For me at this point it's about a blend between memories and quality.


----------



## clee01l (Jan 1, 2016)

pondball said:


> ...For me at this point it's about a blend between memories and quality.


I think you've narrowed it down to the compromises that you need to make.


----------



## Hal P Anderson (Jan 1, 2016)

I've got a D300 and an E-M1, and deciding which to carry around is pretty much a no-brainer. The Olympus is lighter, and equivalent lenses are far lighter, and the IQ is amazing. If I were comparing against a full frame camera, the weight and size difference would be more pronounced. As for image quality, both cameras are far more compitent than I am. I can't (so far) push them hard enough that a better camera would make a difference in how good the images are. Possibly the insane pixel count of a D800 might make a difference, but unless I'm doing agressive crops or printing wall-size prints, which I never do, it would likely be a difference that wouldn't matter in real life.

The Olympus manual is poorly translated, and I relied heavily on the web to find out how to do some of the more complicated things, like controlling the camera from an iPad or tying presets to the mode dial, but once you figure things out, the camera is no harder to use than a Nikon.

And finally, here's an interesting comparison (from 2013) between the E-M1 and other cameras, including a D4 and D600:
http://blog.mingthein.com/2013/09/11/the-2013-olympus-om-d-e-m1-review-2/
The Olympus comes out looking very good.


----------



## pondball (Jan 1, 2016)

clee01l said:


> I think you've narrowed it down to the compromises that you need to make.



 You got it!... just a matter of making a decision or two I guess... still interested in hearing from first hand users of M4/3 to see how satisfied they are with their cameras. Our next big trip isn't going to be for awhile so I will have lots of time to figure this one out.


----------



## Replytoken (Jan 1, 2016)

pondball said:


> You got it!... just a matter of making a decision or two I guess... still interested in hearing from first hand users of M4/3 to see how satisfied they are with their cameras. Our next big trip isn't going to be for awhile so I will have lots of time to figure this one out.



Do you have any specific questions for which you are seeking answers?  I think Hal and I gave similar endorsements for the E-M1 based on similar experiences.

--Ken


----------



## pondball (Jan 1, 2016)

Hi Ken

That would be great if you could answer a few... which (apologizing in advance) will no doubt lead to others! 

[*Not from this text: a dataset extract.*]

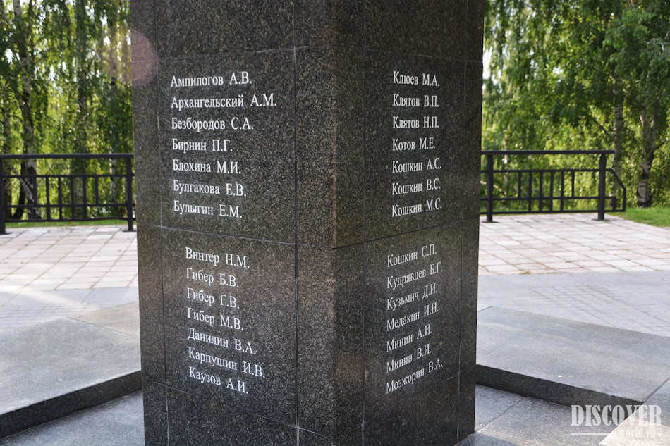 Высота памятника - 12 метров. Архитектор - С. Г. Белов.

• if you shot with DSLR (FF or cropped) before did you see a noticeable difference in quality of photos? at what stage of enlargement? same for screen sizes or resolutions? ie... if I used the photos for some Keynote (PowerPoint) presentations would they still be sharp?

• is the menu system as cryptic as I've been reading?

• are you using any of the Oly Pro lens? How would you rate them with respect to Nikkor lens of the same ilk... i.e. 2.8 or better

• I like the full articulating screen of the E-M5 Mark II as opposed to the tilting one on the E-M1 and am  hoping that there will be a new Mark II version of that coming out this year... Is the screen viewable in most lighting conditions? Where does it fail to be usable?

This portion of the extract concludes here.